In a chassis dynamometer test of fuel economy
in automatic transmission fluids (ATF), Evonik
demonstrated that comb polymers have a significant
advantage over conventional PAMA in terms of fuel
consumption. In each section of the New European
Driving Cycle (NEDC) and the Japanese driving cycle
JC08, a 6.0 cSt ATF formulated with a comb polymer
consumed less fuel than a 6.0 cSt ATF formulated
with a conventional PAMA, with up to a 1.2% overall
advantage in the NEDC. A 4.5 cSt ATF with comb
polymer was also tested, and while it offered lower
fuel consumption in most of the NEDC, it consumed
more than the 6.0 cSt ATF with comb polymer during
the extra-urban portion. Overall, in the “warmer” and
thus more challenging JC08, the 4.5 cSt ATF with comb
polymer actually consumed 0.1% more fuel than the
conventional PAMA, whereas the 6.0 cSt formulation
with the comb again offered a 0.5% fuel economy
advantage.
“We cannot at all recommend going to a 4.5 cSt
viscosity level,” Stoehr said, because during the
extra-urban driving portion of the NEDC and most of
the JC08, it was pushed into mixed lubrication, which
meant increased fuel consumption and increased
friction.
LONG-TERM PERFORMANCE
Regardless of the application of a viscosity modifier, its
purpose is to keep the engine oil’s viscosity in the right
range, no matter how stressed inside the engine. Phil
Hutchinson, Asia-Pacific technical manager at Evonik
Oil Additives, said “different viscosity index improvers
have different formulation viscosities, despite being
formulated in the same SAE grades.”
SAE J300 specifies both KV100 and HTHS150.
However, “Formulating to two viscosity targets, such
as HTHS and KV100, can actually force you into getting
a low-VI oil and poor fuel economy,” Hutchinson said.

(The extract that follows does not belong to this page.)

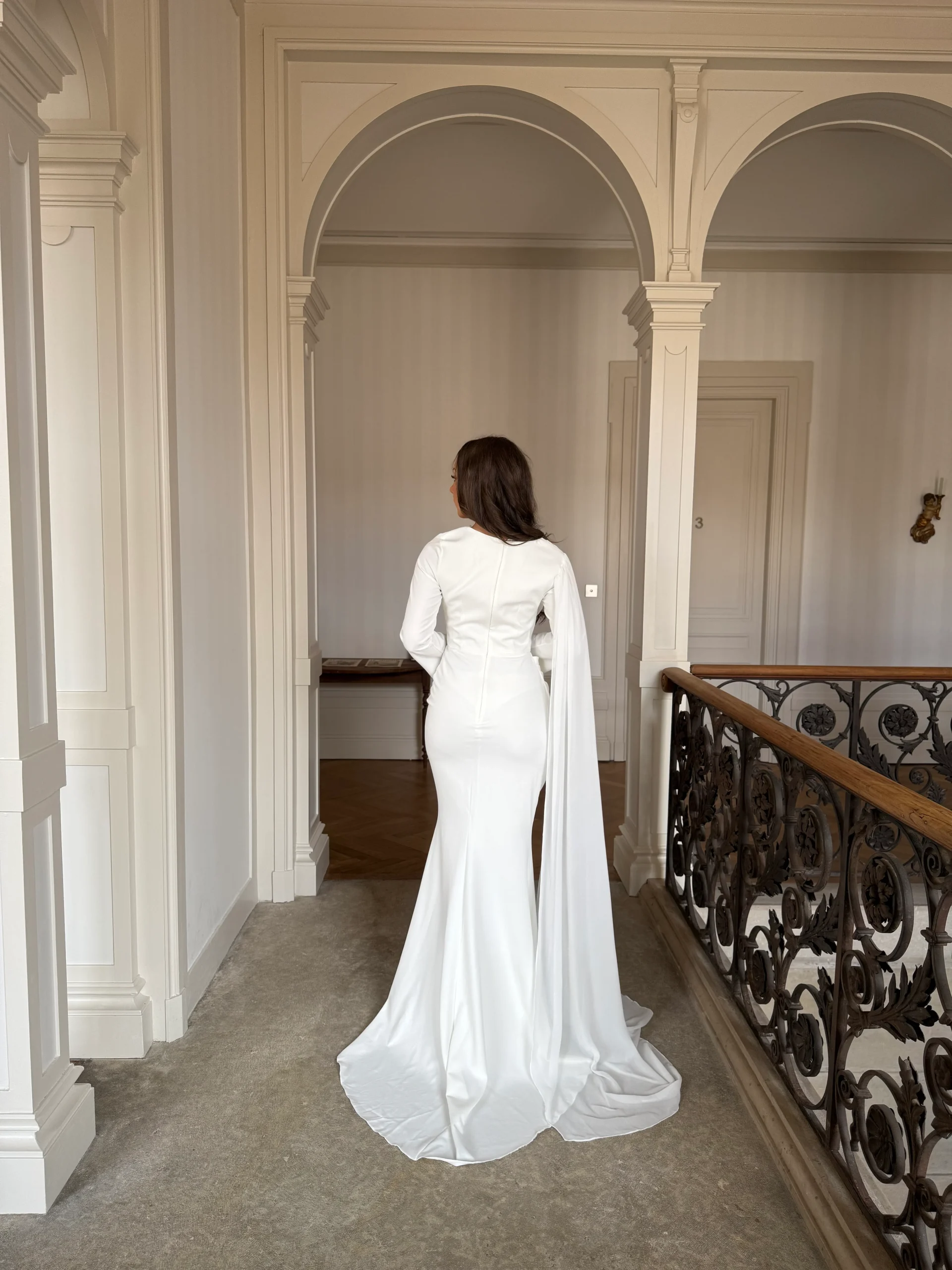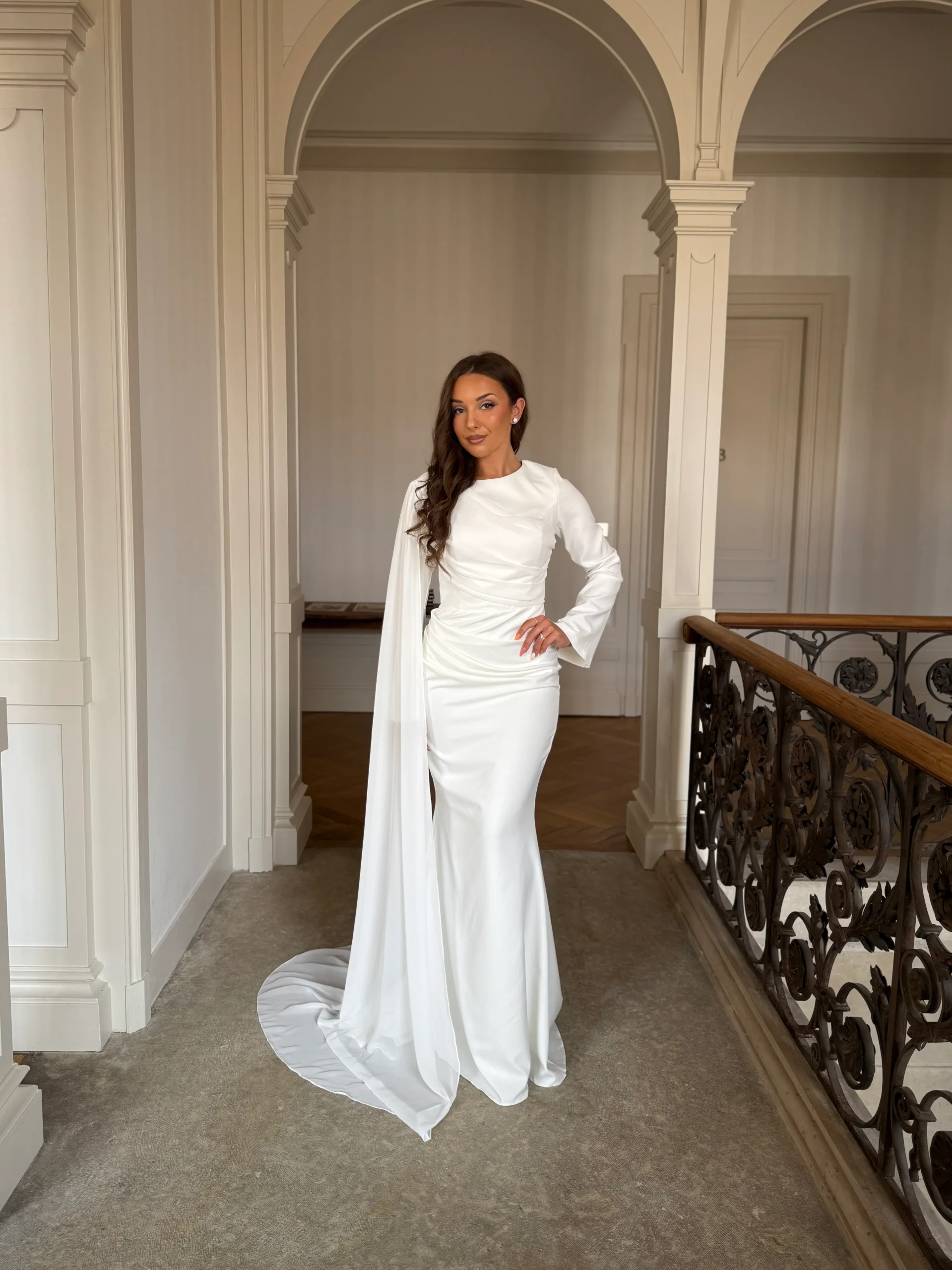 Cette robe de soirée blanche élégante séduit par sa simplicité maîtrisée et son raffinement discret. En effet, son tissu fluide assure un tombé harmonieux et agréable à porter. Le drapé délicat à la taille souligne subtilement les courbes, apportant une touche féminine sans excès. Par ailleurs, sa coupe droite, sans fente, garantit une allure distinguée et confortable. Les manches longues viennent parfaire l’ensemble en ajoutant une note de grâce et de sobriété.
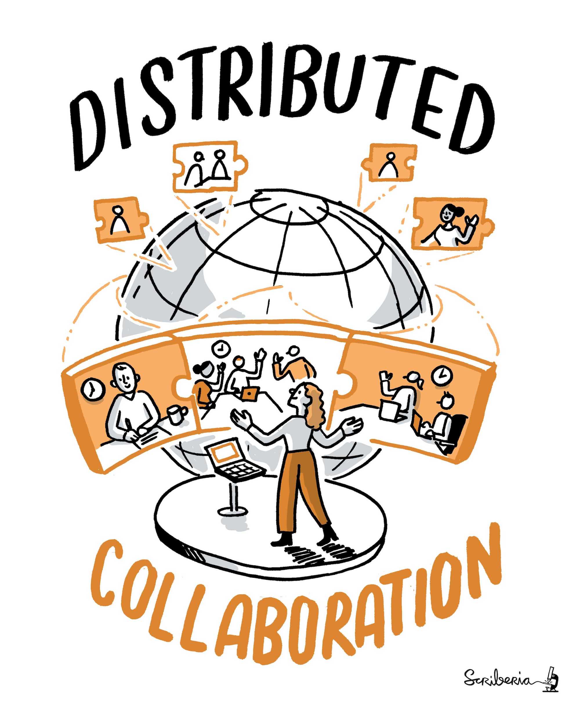Fig. 19 Illustration of Distributed Collaboration, The Turing Way Community, & Scriberia. (2020, March 3). Illustrations from the Turing Way book dashes. Zenodo. http://doi.org/10.5281/zenodo.3695300.¶

In addition, KV100 is not a good indicator of viscosity
for modern engine oils, he said. For engine protection,
HTHS150 has taken over this role. When formulating
for fuel economy, a formulator needs to select the
Phil Hutchinson
viscosity measurement and temperature that best
represents fuel economy in the particular engine and
testing cycle being targeted, he said.
Different VMs can display dramatically different
viscosity values relevant to fuel economy, depending
on which viscosity value is measured. For instance,
Evonik found that four types of VMs (comb polymers,
PAMA, low ethylene-OCP and HSI stars) have very
similar viscosities when measured at 150 degree C
(HTHS), but widely different viscosities at KV40. The
comb VMs gave the lowest KV40 values, thickening
the least at the lower temperature, and incidentally
contributing 1.9% toward the 3-4% fuel economy gain.
Hutchinson’s point added another aspect to the
usual message about low viscosity oils: if an engine is
suitable to be lubricated with them, then yes, a gain in
fuel economy can result from low viscosity. “But which
viscosity?” Deciding which viscosity measurement
best represents their goals should be part of the
equation for all formulators, he said. Finally, looking
past the requirements in SAE J300 and extending tests
for longer periods will provide more insight into a
viscosity modifier’s long-term performance.